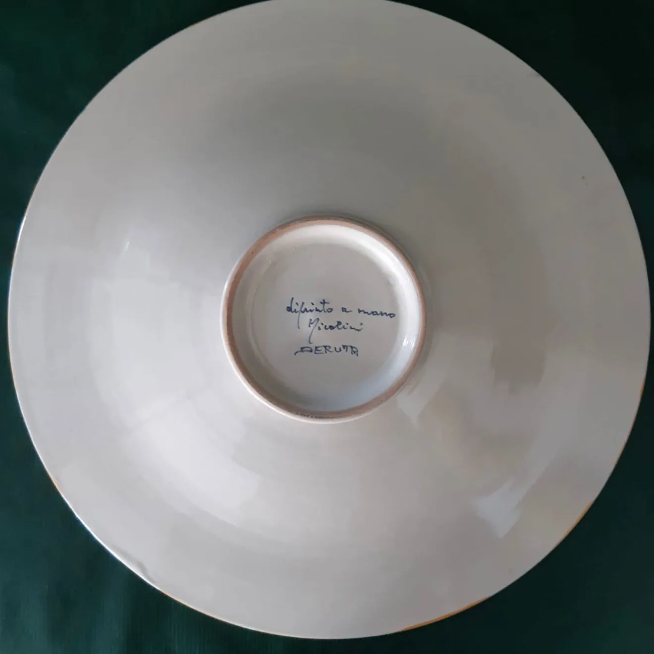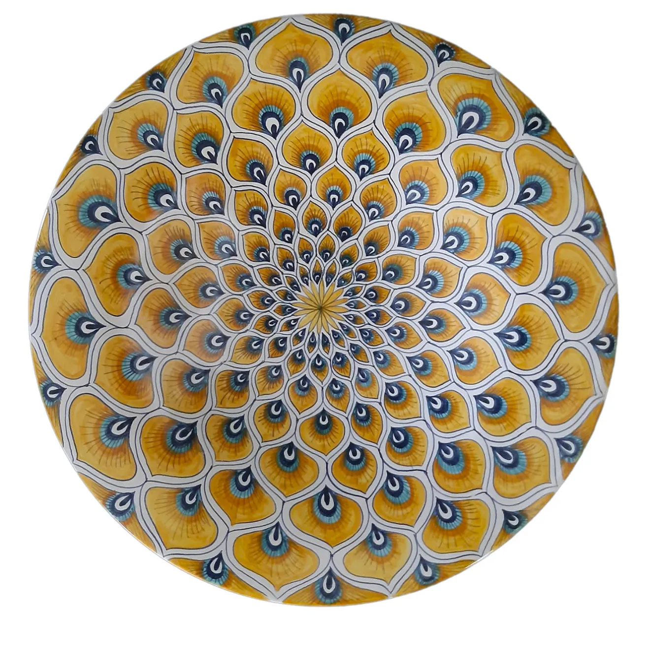 L’impareggiabile maestria della maestra ceramista Maria Rita Nicolini si esprime in questo sublime piatto rotondo decorativo (⌀ 35 cm) che ravviva le pareti monocromatiche degli interni moderni. Il motivo di piume di pavone gialle è dipinto a mano in modo impeccabile con smalti blu, ottenendo un effetto visivo dinamico in cui le piume, disposte in una composizione radiale, sembrano estendersi oltre il bordo del piatto.
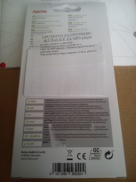 Slušalice Hama HK-249 NOVE , NEKORIŠTENE !!
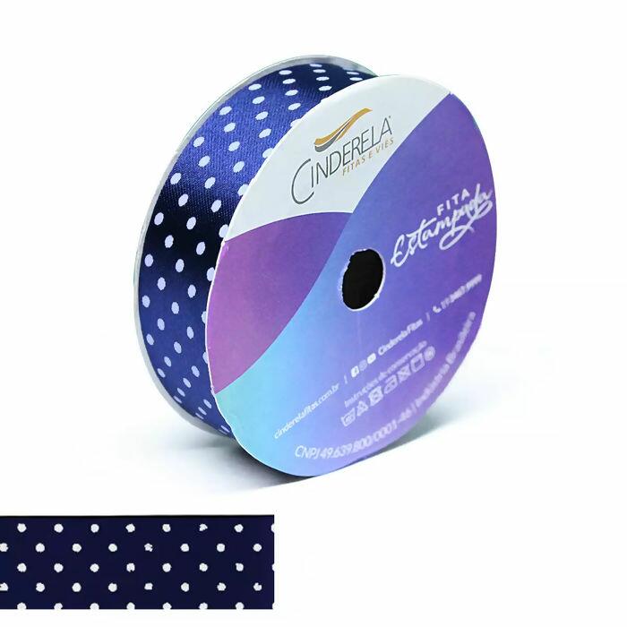 Fita de cetim com estampa de poá branco e fita azul marinho marca Cinderela de 10 metros com 20mm de largura de face simples feita totalmente em poliéster, com superfície lisa, acabamento brilhante e estrutura macia ao toque. Adiciona um detalhe delicado à sua peça com tanto em confecção quanto artesanato!
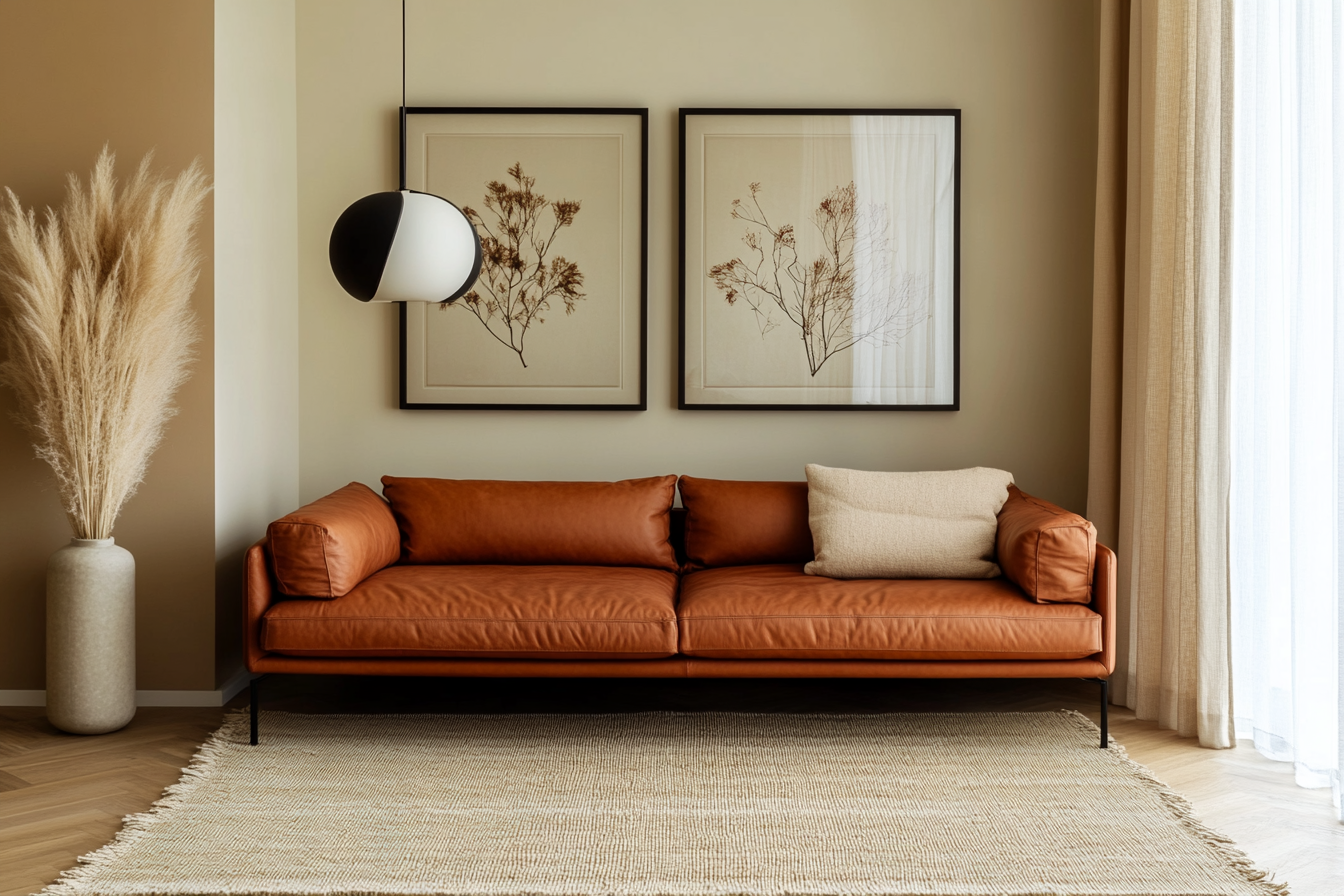 Large statement artwork in neutral tones complements the warmth of the leather. Adding smart lighting options, like LED strips or floor lamps, enhances the sleekness of the space.
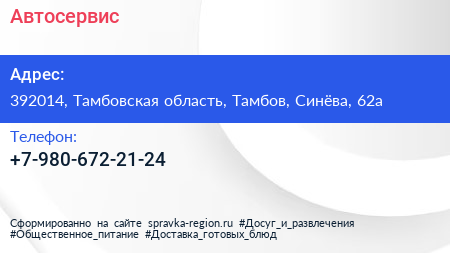 Автосервис по адресу 392014, Тамбовская область, Тамбов, Синёва, 62а в дальнейшем Организация, размещена в следующих категориях:

++++++++

Exercise objective: Set down all of the entries precisely and keep the pictures out of the copy.

Solved problem:
 L’impareggiabile maestria della maestra ceramista Maria Rita Nicolini si esprime in questo sublime piatto rotondo decorativo (⌀ 35 cm) che ravviva le pareti monocromatiche degli interni moderni. Il motivo di piume di pavone gialle è dipinto a mano in modo impeccabile con smalti blu, ottenendo un effetto visivo dinamico in cui le piume, disposte in una composizione radiale, sembrano estendersi oltre il bordo del piatto.
 Slušalice Hama HK-249 NOVE , NEKORIŠTENE !!
 Fita de cetim com estampa de poá branco e fita azul marinho marca Cinderela de 10 metros com 20mm de largura de face simples feita totalmente em poliéster, com superfície lisa, acabamento brilhante e estrutura macia ao toque. Adiciona um detalhe delicado à sua peça com tanto em confecção quanto artesanato!
 Large statement artwork in neutral tones complements the warmth of the leather. Adding smart lighting options, like LED strips or floor lamps, enhances the sleekness of the space.
 Автосервис по адресу 392014, Тамбовская область, Тамбов, Синёва, 62а в дальнейшем Организация, размещена в следующих категориях:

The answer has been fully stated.